• [TASK TO COMPLETE] Directions for the data below: repeat exactly the lines from the one with "札内 實土さんの総格は26画の2点!" through the one with "4. Crossing diagonally", both included, and omit all pictures.

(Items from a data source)
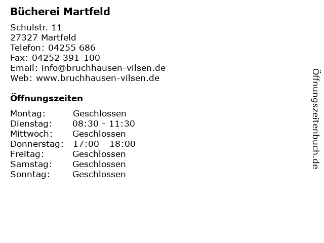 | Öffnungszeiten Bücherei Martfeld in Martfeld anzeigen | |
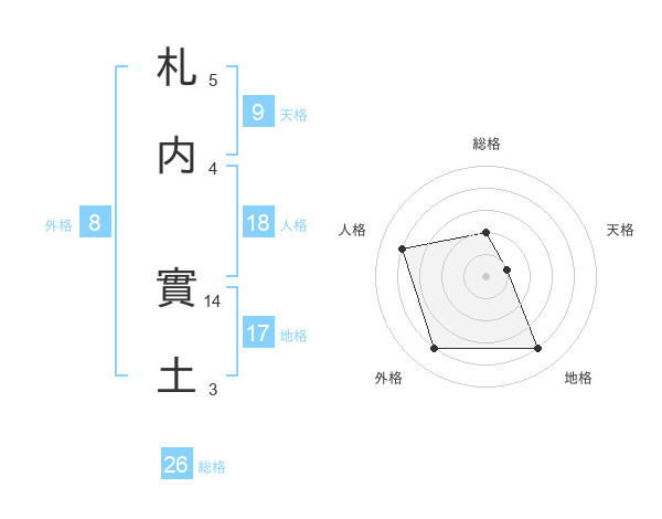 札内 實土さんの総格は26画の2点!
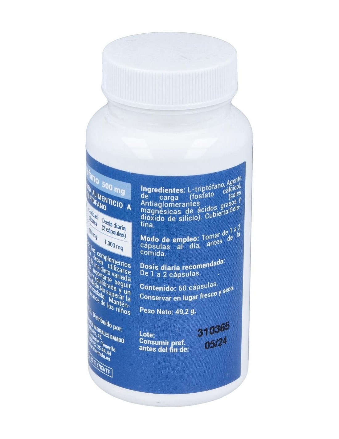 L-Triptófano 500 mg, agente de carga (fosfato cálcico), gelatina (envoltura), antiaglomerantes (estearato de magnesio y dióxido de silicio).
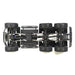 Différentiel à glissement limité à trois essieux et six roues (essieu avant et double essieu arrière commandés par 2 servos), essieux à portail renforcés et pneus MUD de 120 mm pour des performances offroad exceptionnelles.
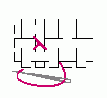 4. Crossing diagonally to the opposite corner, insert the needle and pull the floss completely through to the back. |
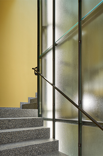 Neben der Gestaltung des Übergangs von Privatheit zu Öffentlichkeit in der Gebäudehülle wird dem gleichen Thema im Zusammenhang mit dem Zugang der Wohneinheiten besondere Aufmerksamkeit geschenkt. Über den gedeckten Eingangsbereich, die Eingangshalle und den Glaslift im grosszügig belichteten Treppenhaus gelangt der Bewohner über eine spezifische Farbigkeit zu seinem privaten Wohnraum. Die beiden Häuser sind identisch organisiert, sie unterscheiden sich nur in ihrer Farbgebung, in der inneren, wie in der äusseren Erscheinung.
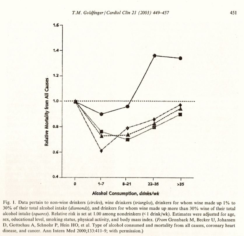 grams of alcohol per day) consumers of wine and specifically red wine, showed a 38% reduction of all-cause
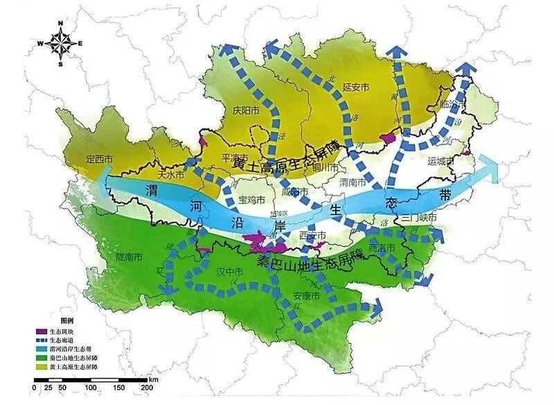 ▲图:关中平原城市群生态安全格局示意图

• [EXERCISE RESULT]
 札内 實土さんの総格は26画の2点!
 L-Triptófano 500 mg, agente de carga (fosfato cálcico), gelatina (envoltura), antiaglomerantes (estearato de magnesio y dióxido de silicio).
 Différentiel à glissement limité à trois essieux et six roues (essieu avant et double essieu arrière commandés par 2 servos), essieux à portail renforcés et pneus MUD de 120 mm pour des performances offroad exceptionnelles.
 4. Crossing diagonally to the opposite corner, insert the needle and pull the floss completely through to the back. |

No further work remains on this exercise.